Required work: Write the listing below out again in full, dropping its pictures.

Collected data:
______
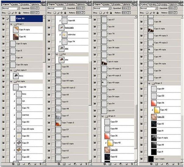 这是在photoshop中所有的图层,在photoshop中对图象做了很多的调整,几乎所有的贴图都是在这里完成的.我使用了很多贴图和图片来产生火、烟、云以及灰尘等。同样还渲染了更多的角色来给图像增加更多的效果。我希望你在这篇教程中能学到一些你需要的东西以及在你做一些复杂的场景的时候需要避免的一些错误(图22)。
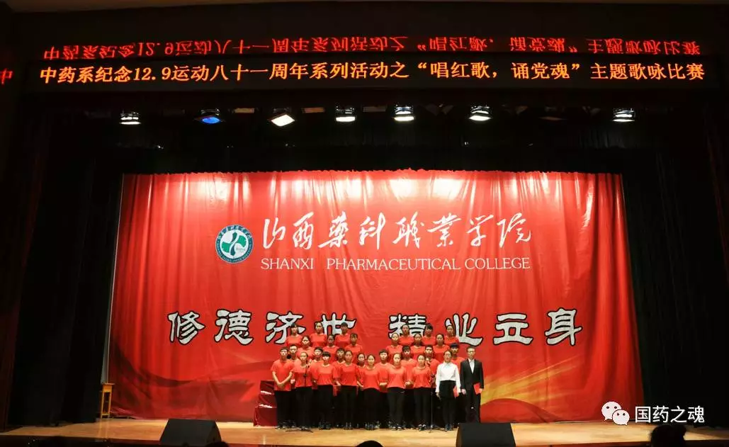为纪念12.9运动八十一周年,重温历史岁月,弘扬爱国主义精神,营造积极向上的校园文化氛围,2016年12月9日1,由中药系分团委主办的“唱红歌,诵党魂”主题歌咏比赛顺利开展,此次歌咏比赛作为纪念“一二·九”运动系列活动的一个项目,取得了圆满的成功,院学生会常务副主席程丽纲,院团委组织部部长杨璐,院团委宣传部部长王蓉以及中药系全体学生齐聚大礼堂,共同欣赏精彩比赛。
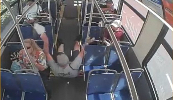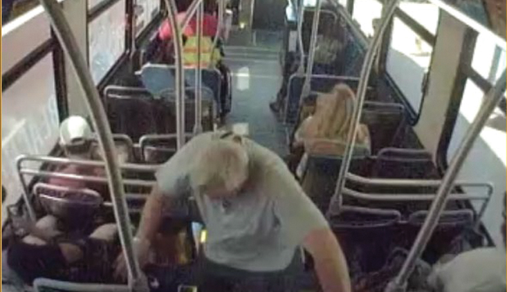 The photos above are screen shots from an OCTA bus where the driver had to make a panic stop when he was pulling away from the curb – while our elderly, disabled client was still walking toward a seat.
______
Solution:
 这是在photoshop中所有的图层,在photoshop中对图象做了很多的调整,几乎所有的贴图都是在这里完成的.我使用了很多贴图和图片来产生火、烟、云以及灰尘等。同样还渲染了更多的角色来给图像增加更多的效果。我希望你在这篇教程中能学到一些你需要的东西以及在你做一些复杂的场景的时候需要避免的一些错误(图22)。
为纪念12.9运动八十一周年,重温历史岁月,弘扬爱国主义精神,营造积极向上的校园文化氛围,2016年12月9日1,由中药系分团委主办的“唱红歌,诵党魂”主题歌咏比赛顺利开展,此次歌咏比赛作为纪念“一二·九”运动系列活动的一个项目,取得了圆满的成功,院学生会常务副主席程丽纲,院团委组织部部长杨璐,院团委宣传部部长王蓉以及中药系全体学生齐聚大礼堂,共同欣赏精彩比赛。
 The photos above are screen shots from an OCTA bus where the driver had to make a panic stop when he was pulling away from the curb – while our elderly, disabled client was still walking toward a seat.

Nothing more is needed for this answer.